Given a bitmask $m$, you want to efficiently iterate through all of its submasks, that is, masks $s$ in which only bits that were included in mask $m$ are set.

Consider the implementation of this algorithm, based on tricks with bit operations:

```
int s = m;
while (s > 0) {
... you can use s ...
s = (s-1) & m;
}
```

or, using a more compact `for`

statement:

```
for (int s=m; s; s=(s-1)&m)
... you can use s ...
```

In both variants of the code, the submask equal to zero will not be processed. We can either process it outside the loop, or use a less elegant design, for example:

```
for (int s=m; ; s=(s-1)&m) {
... you can use s ...
if (s==0) break;
}
```

Let us examine why the above code visits all submasks of $m$, without repetition, and in descending order.

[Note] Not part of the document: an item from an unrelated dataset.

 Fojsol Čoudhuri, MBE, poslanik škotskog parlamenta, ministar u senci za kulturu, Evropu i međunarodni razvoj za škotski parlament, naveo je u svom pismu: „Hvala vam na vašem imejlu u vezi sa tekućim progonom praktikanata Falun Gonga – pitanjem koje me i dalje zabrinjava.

Suppose we have a current bitmask $s$, and we want to move on to the next bitmask. By subtracting from the mask $s$ one unit, we will remove the rightmost set bit and all bits to the right of it will become 1. Then we remove all the "extra" one bits that are not included in the mask $m$ and therefore can't be a part of a submask. We do this removal by using the bitwise operation `(s-1) & m`

. As a result, we "cut" mask $s-1$ to determine the highest value that it can take, that is, the next submask after $s$ in descending order.

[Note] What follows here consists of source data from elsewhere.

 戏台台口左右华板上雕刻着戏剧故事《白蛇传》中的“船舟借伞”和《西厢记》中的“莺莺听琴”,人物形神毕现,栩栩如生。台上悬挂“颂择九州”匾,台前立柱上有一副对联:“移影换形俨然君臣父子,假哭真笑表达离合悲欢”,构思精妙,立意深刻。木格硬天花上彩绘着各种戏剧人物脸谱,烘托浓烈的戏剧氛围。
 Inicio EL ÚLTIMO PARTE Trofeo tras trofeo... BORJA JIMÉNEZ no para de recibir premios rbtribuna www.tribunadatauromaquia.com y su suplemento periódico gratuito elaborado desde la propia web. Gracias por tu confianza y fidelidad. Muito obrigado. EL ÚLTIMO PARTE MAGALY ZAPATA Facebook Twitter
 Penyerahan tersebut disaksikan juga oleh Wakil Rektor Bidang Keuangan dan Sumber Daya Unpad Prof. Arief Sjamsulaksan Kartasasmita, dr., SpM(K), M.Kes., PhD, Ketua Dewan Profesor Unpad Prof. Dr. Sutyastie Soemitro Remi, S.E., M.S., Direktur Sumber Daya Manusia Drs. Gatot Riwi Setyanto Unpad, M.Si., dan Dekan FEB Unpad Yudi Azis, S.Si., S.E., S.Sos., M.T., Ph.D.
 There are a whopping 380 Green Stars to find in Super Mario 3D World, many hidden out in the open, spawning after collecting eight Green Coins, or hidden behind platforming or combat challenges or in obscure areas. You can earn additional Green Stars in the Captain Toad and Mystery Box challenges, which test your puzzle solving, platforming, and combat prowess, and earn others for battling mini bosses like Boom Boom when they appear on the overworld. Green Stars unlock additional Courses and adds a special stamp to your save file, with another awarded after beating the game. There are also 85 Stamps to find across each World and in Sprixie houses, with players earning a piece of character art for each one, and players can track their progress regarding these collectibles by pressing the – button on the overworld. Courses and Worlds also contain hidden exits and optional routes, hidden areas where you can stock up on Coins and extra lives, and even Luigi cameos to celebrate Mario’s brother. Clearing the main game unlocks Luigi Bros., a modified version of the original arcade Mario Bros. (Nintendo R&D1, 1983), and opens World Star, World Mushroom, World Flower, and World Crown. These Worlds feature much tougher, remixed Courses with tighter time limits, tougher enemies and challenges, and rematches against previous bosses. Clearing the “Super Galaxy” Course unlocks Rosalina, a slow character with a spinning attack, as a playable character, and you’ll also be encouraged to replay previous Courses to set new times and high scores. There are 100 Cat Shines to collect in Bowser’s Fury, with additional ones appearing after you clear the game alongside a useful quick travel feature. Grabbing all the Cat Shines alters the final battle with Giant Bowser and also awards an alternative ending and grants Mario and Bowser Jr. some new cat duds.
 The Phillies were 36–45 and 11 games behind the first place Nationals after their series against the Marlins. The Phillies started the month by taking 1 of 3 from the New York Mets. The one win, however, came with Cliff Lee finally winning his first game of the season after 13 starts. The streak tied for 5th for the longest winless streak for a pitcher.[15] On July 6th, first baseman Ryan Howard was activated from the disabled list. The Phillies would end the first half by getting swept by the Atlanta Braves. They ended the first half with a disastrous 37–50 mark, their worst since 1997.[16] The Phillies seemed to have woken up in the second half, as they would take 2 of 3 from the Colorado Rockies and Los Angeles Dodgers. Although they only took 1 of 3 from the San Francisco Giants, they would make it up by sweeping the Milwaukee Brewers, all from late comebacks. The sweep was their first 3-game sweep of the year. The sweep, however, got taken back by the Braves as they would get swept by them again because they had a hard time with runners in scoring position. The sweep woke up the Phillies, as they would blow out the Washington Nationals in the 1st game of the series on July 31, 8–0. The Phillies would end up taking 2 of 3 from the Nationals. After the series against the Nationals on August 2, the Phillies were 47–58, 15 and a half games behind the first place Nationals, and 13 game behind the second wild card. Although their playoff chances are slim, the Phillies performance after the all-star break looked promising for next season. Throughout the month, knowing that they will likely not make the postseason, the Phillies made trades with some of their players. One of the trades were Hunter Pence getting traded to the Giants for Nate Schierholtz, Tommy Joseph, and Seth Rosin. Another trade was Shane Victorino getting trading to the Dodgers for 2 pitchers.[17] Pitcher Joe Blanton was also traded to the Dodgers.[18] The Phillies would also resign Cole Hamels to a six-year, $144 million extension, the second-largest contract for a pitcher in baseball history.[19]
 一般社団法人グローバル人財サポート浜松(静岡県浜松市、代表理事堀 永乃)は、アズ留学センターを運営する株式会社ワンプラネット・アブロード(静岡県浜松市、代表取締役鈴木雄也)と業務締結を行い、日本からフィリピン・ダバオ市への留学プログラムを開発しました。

Thus, this algorithm generates all submasks of this mask in descending order, performing only two operations per iteration.

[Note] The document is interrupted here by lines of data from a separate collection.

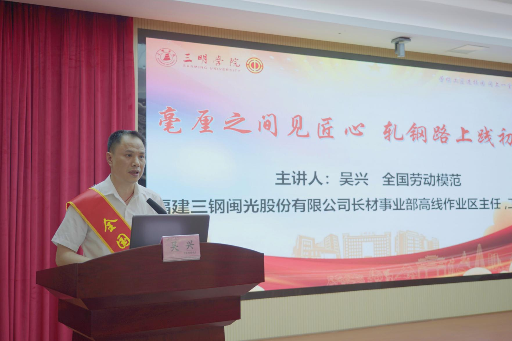 2025年5月26日,三明市总工会与yl6809永利官网马克思主义学院联合举办“‘凝心铸魂 齐心筑梦’劳模工匠进校园 同上一堂思政课”活动,邀请了钢铁、税务、林业领域的三位全国劳动模范和全国先进工作者——吴兴、胡安煦、谢汝根走进《思想道德与法治》的课堂,以“恪守职业道德”为主题为百余名同学上了一堂别开生面的“大思政课”。
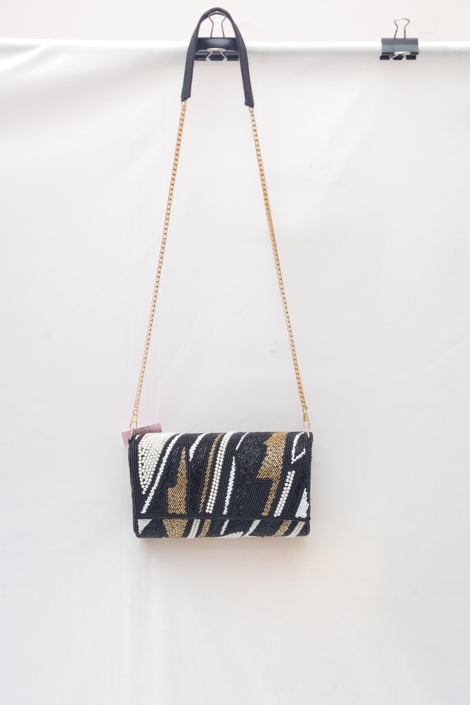 A striking clutch that fuses modern artistry with timeless elegance. Hand-embellished with black, gold, and white beads in bold abstract patterns, this bag is perfect for evenings when you want to make a powerful style statement. Product Details:
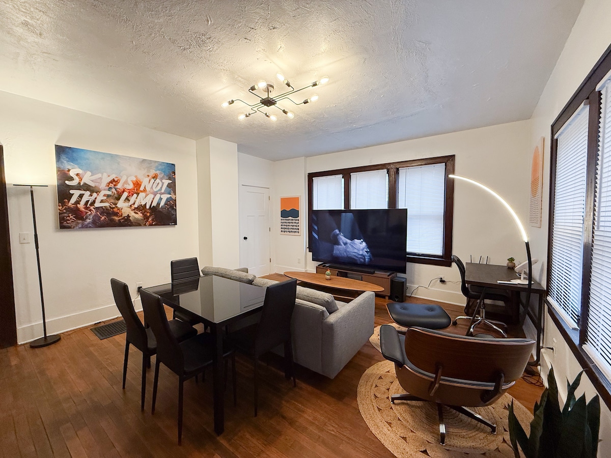 明亮且新翻修的2臥室公寓—步行即可抵達UIUC、Carle和市中心! 位於安靜、友善的街區,距離校園、醫院、商店、咖啡館和兒童公園僅幾分鐘路程。 全面翻修,配有85英寸電視、全套廚房和舒適的標準雙人床,非常適合電影之夜和家常料理。 非常適合旅行護士、訪問學者或團體入住。 精心設計,適合長期住宿和在家工作。 歡迎與我們聯絡,我們很樂意接待你,而且住宿時間不限!
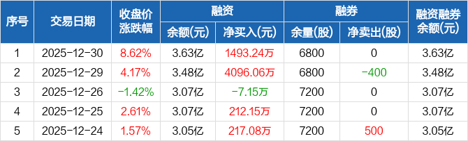 新瀚新材:融资净买入1493.24万元,融资余额3.63亿元(12-30)
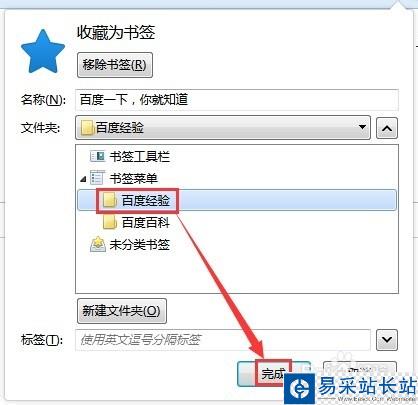 6、接下來我們將網(wǎng)頁添加到分類書簽中,打開網(wǎng)頁,點擊瀏覽器的【收藏】按鈕,選擇書簽分類后點擊【完成】,如圖所示:
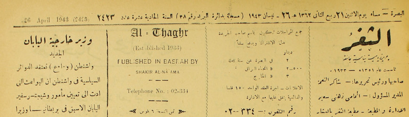 جريدة يومية سياسية عامة = AL-Thaghr : A Daily Newspaper

A special case is when $s = 0$. After executing $s-1$ we get a mask where all bits are set (bit representation of -1), and after `(s-1) & m`

we will have that $s$ will be equal to $m$. Therefore, with the mask $s = 0$ be careful — if the loop does not end at zero, the algorithm may enter an infinite loop.

In many problems, especially those that use bitmask dynamic programming, you want to iterate through all bitmasks and for each mask, iterate through all of its submasks:

```
for (int m=0; m<(1<<n); ++m)
for (int s=m; s; s=(s-1)&m)
... s and m ...
```

Let's prove that the inner loop will execute a total of $O(3^n)$ iterations.

**First proof**: Consider the $i$-th bit. There are exactly three options for it:

- it is not included in the mask $m$ (and therefore not included in submask $s$),
- it is included in $m$, but not included in $s$, or
- it is included in both $m$ and $s$.

As there are a total of $n$ bits, there will be $3^n$ different combinations.

**Second proof**: Note that if mask $m$ has $k$ enabled bits, then it will have $2^k$ submasks. As we have a total of $\binom{n}{k}$ masks with $k$ enabled bits (see binomial coefficients), then the total number of combinations for all masks will be:

$$\sum_{k=0}^n \binom{n}{k} \cdot 2^k$$

To calculate this number, note that the sum above is equal to the expansion of $(1+2)^n$ using the binomial theorem. Therefore, we have $3^n$ combinations, as we wanted to prove.